It’s one of the world’s most beautiful cities, it’s also one of the most expensive and essential workers like teachers are struggling to live there.
Median house prices in Sydney are more than 13 times a teacher’s salary, so housing affordability has become one of the most significant threats to sustaining NSW’s teaching workforce.
A new report from the Australian Public Policy Institute (APPI), Addressing teacher supply through key worker housing, warns that rising housing costs are undermining the state’s ability to attract and retain teachers, placing the quality and equity of public education at risk.
Led by Professor Scott Eacott from UNSW Sydney’s School of Education with researchers from the University of Sydney and Deakin University, the report argues that teacher housing must be recognised as essential public infrastructure and calls on the NSW Government to formally establish “key worker housing” as a dedicated asset class.

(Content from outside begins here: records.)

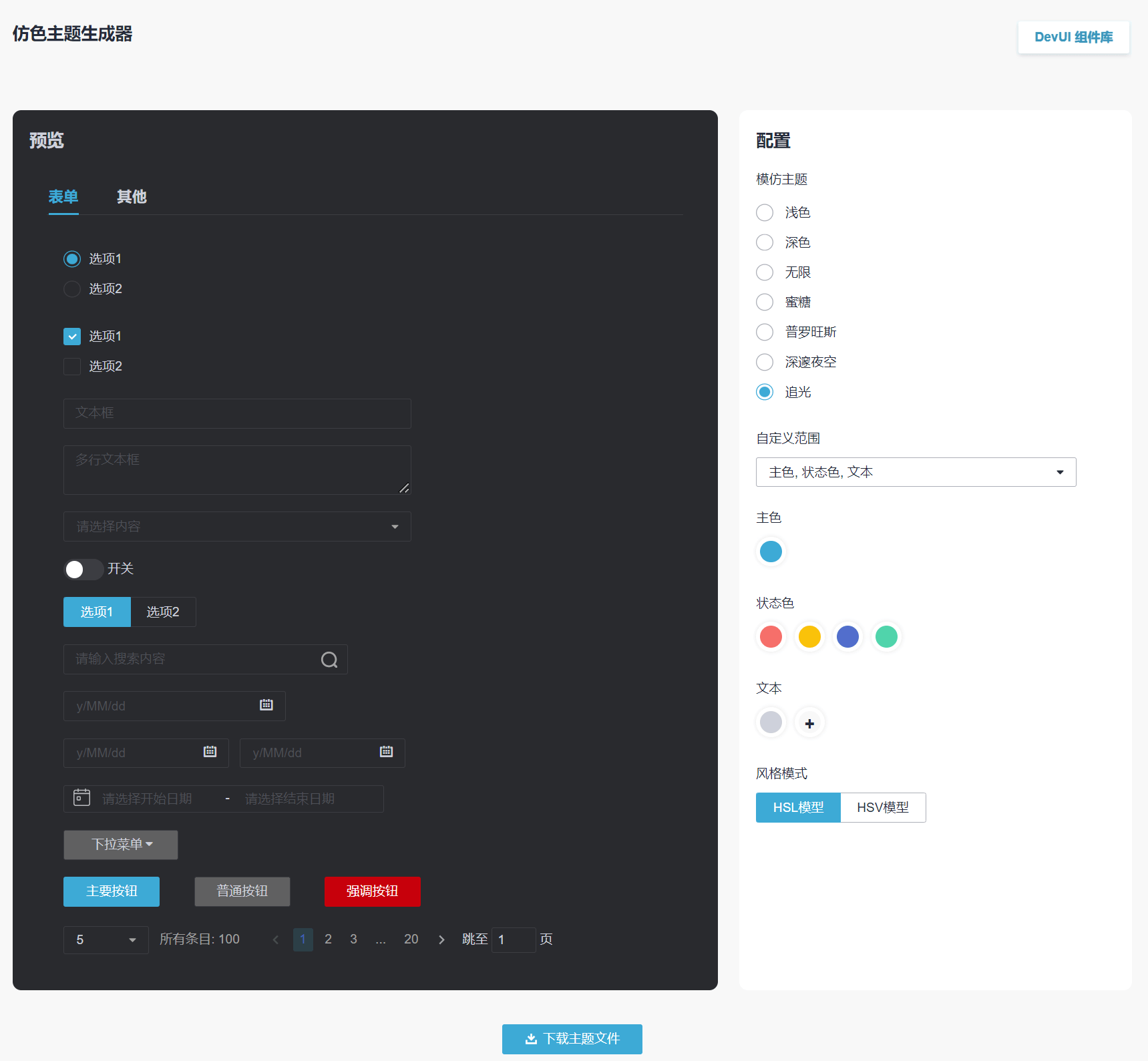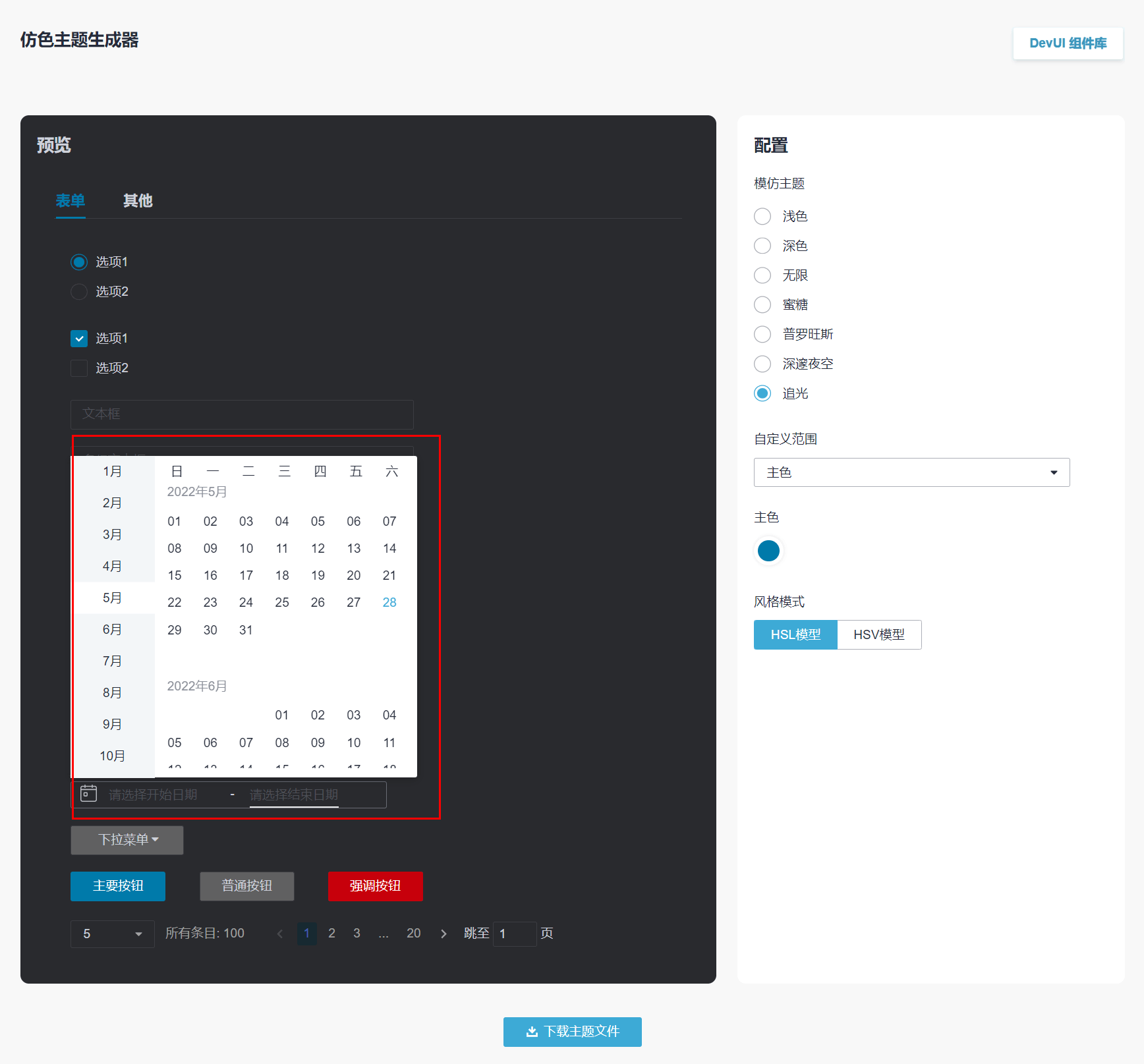 DevUI组件库的主题化是使用了CSS自定义属性(css变量)声明:root的css变量值从而实现了主题切换。如果我们要在一个界面内同时展示不同主题的预览,我们可以在DOM元素局部重新声明css变量从而达到局部主题的功能。之前在做主题仿色生成器的时候就用了这样一个办法来是局部应用一个主题。
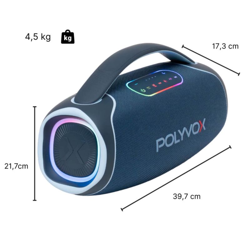 Seu sistema de som de 2 vias, somado aos radiadores passivos, garante graves reforçados mesmo em volumes mais baixos. O amplificador digital com DSP ainda permite o ajuste fino do som e do microfone via app exclusivo Polyvox ControlOne.
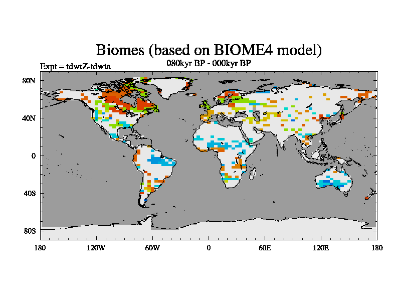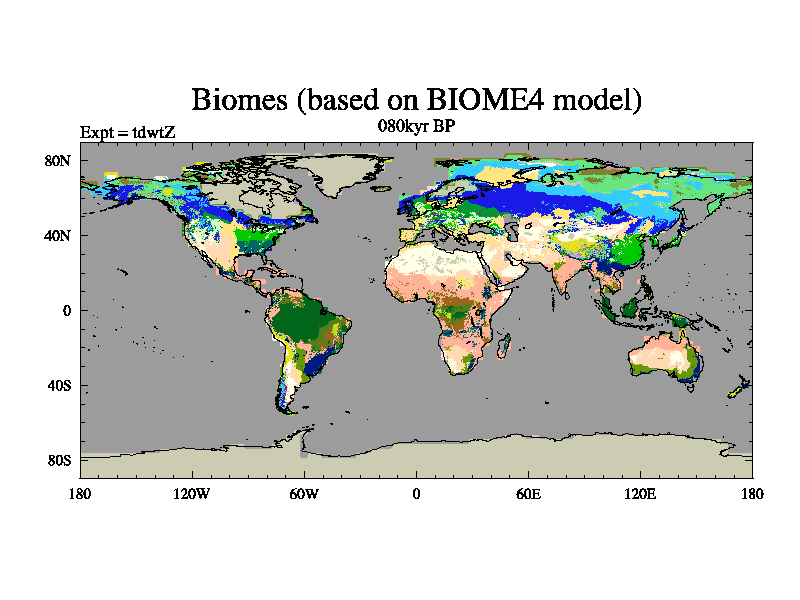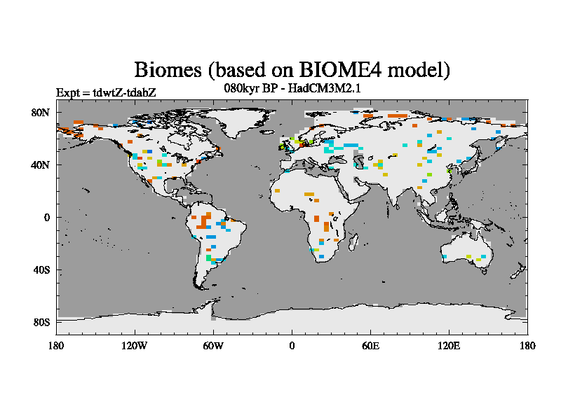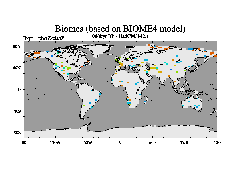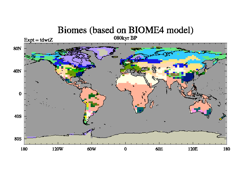 This is the 080kyr BP simulation for a new set of BBC runs using TRIFFID. Equilibrium mode, started from tdac set of simulations (old BBC dynamic TRIFFID runs). This version includes the dark_respiration update.
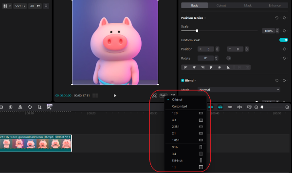 Bước 5: Nhấn vào ô “Ratio” để thay đổi kích thước video.
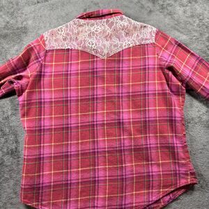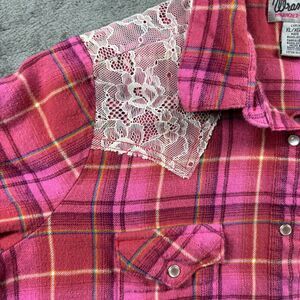 Wrangler Wrancher Women Pearl Snap Flannel Pink Plaid Lace Accents Size XL D111
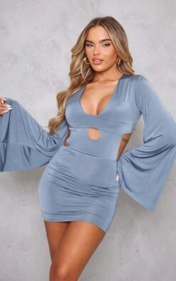Channel all the luxe vibes into your new season wardrobe with this charcoal slinky cut out flared sleeve bodycon dress, it is the perfect piece for your weekend plans and beyond. With a charcoal hue slinky material, a cut out design and flared sleeves you’re sure to fall in love doll. Pair with your fave accessories and slip-on heels for the ultimate chic flawless finish.
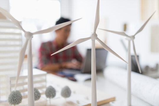 Models of wind turbines in an office of a renewable green energy start-up
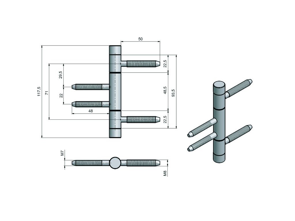 A hinge in a modern design, with a flat pin end that perfectly complements the overall look of doors with a flat handle. A three-piece hinge for wooden doors and a door frame. Its main advantage is its very strong and stable mounting. Suitable for doors with a door closer.
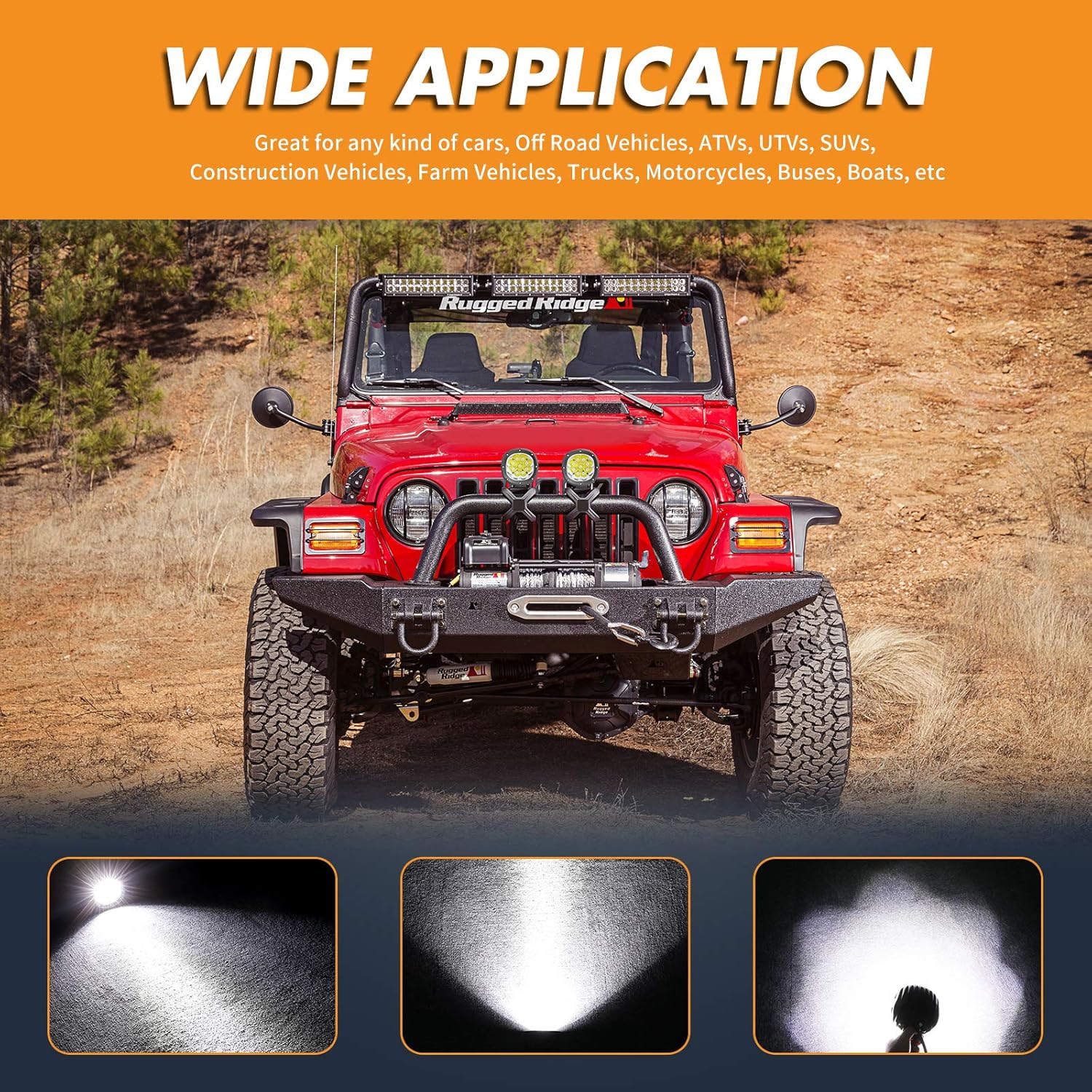 - Wide Application & Universal Fitment - Compatible with almost all off-road vehicles, motorcycles, ATVs, UTVs, SUVs, trucks, buses, boats, and more. Operating on 9-32V, these lights are perfect for construction, farming, marine, and off-road adventures. Upgrade your lighting with confidence!
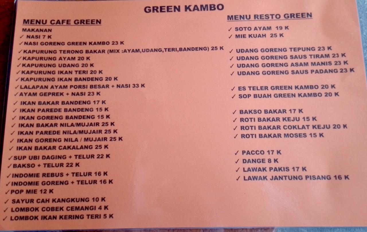 Green Kambo merupakan salah satu tempat wisata kuliner yang berada di kawasan Kambo, Kecamatan Mungkajang, Kota Palopo. Tempat ini dikenal sebagai lokasi yang cocok untuk bersantai karena menawarkan pemandangan alam dari ketinggian yang indah. Dari area tempat duduk, pengunjung dapat menikmati panorama Kota Palopo yang terlihat jelas, terutama pada malam hari ketika lampu-lampu kota mulai menyala. Green Kambo memiliki suasana yang sejuk dan nyaman karena berada di daerah perbukitan dengan udara yang masih segar. Tempat ini sering menjadi pilihan bagi masyarakat maupun wisatawan yang ingin menikmati waktu santai sambil menikmati makanan dan minuman bersama keluarga atau teman.
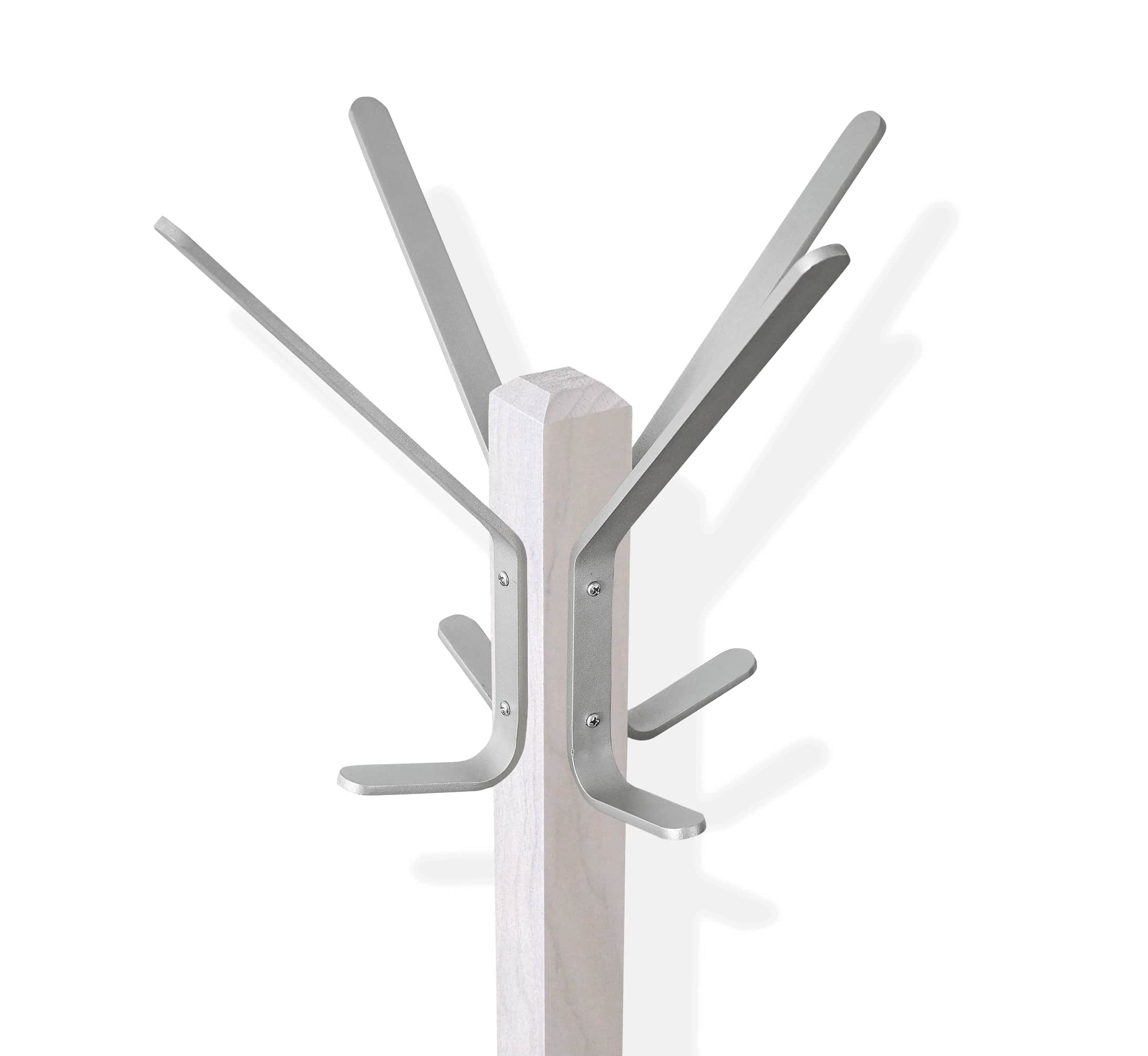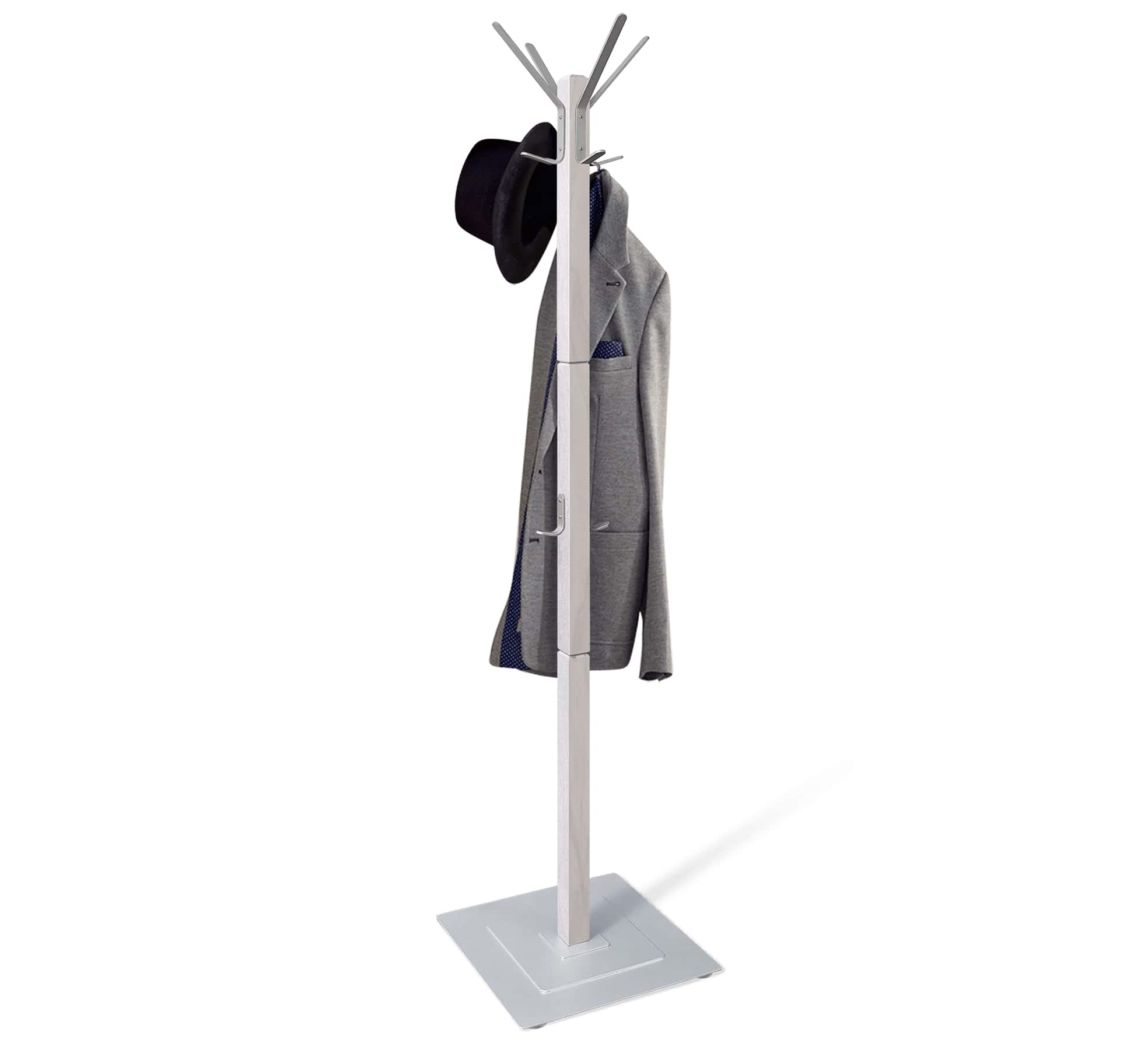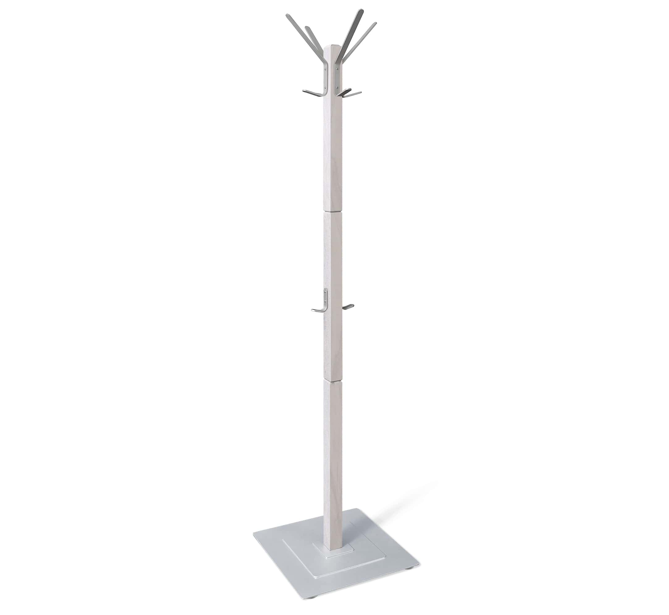 Стойка выполнена из массива древесины, брус толщиной 46х46 мм.; крючки - из металла.

“There is little point attracting and training teachers if they can’t afford to live near where they’re needed,” Prof Eacott said.
“Housing affordability has become a systemic risk to school staffing across NSW. This is no longer a regional or rural issue, it’s a statewide problem.”
In metropolitan areas where housing costs have surged far beyond income growth. Median house prices in Sydney are now more than 13 times a teacher’s salary, far exceeding the accepted affordability benchmark of three times income.
As teachers are pushed further from their workplaces, the consequences are compounding, with longer commutes, higher transport costs, increased stress and burnout and growing instability across school staffing. These pressures are most acute in disadvantaged communities, where continuity of teaching is critical.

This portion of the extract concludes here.